Number of spanning trees in a ladder graph

Let the vertices along the top of $L_{n+1}$ be $u_1,\dots,u_{n+1}$ and those along the bottom be $v_1,\dots,v_{n+1}$. There’s a bijection between spanning trees of $L_{n+1}$ that contain the edges $\{u_n,u_{n+1}\}$, $\{u_{n+1},v_{n+1}\}$, and $\{v_n,v_{n+1}\}$ and spanning trees of $L_n$ that contain the edge $\{u_n,v_n\}$. Let $s_n$ be the number of spanning trees of $L_n$ that include $\{u_n,v_n\}$. Then $t_{n+1} = 3t_n + s_n$, and $s_{n+1} =$ ?

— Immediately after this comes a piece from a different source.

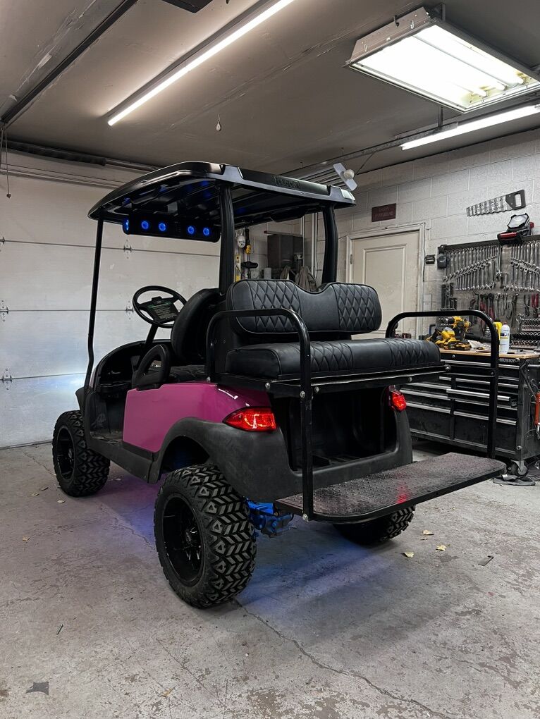 CashAppThis golf cart has been refurbished has a brand new lithium battery, sound bar, headlights, LED lights underneath windshield and seat for the back. Golf cart is fast and runs great!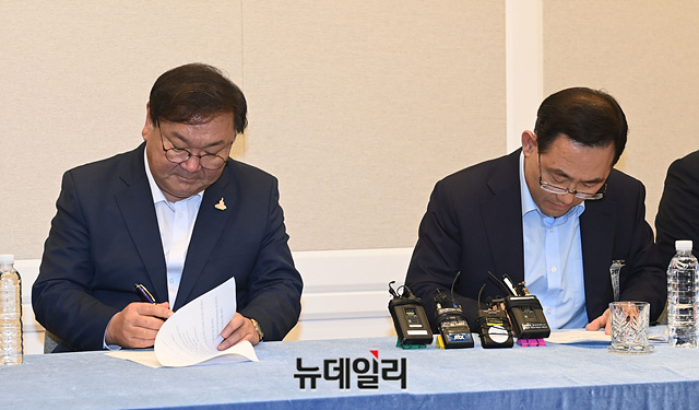 [포토] 7월 국회 일정 합의하는 '주호영-김태년'

Added: I now see how to get a recurrence for the $t_n$ directly, without using an auxiliary sequence. Start with any spanning tree of $L_n$. As you said, you can always add one of the three figures in your second picture to it to get a spanning tree of $L_{n+1}$, and that accounts for $3t_n$ spanning trees. You can add your last picture to it if and only if it contains $\{u_n,v_n\}$, in which case you must erase $\{u_n,v_n\}$; that accounts for another $t_n-k$ spanning trees, where $k$ is the number of spanning trees of $L_n$ that don’t contain $\{u_n,v_n\}$. So when does a spanning tree $T$ of $L_n$ not contain $\{u_n,v_n\}$? Exactly when $T$ does contain both $\{u_{n-1},u_n\}$ and $\{v_{n-1},v_n\}$, which is exactly when the part of $T$ in $L_{n-1}$ is a spanning tree of $L_{n-1}$. In other words, there are $t_{n-1}$ spanning trees of $L_n$ that include the edge $\{u_n,v_n\}$: $k=t_{n-1}$, and $L_{n+1}$ has $t_n-t_{n-1}$ spanning trees that include your last picture. This makes a grand total of $$t_{n+1}=3t_n+(t_n-t_{n-1})=4t_n-t_{n-1}$$ spanning trees of $L_{n+1}$.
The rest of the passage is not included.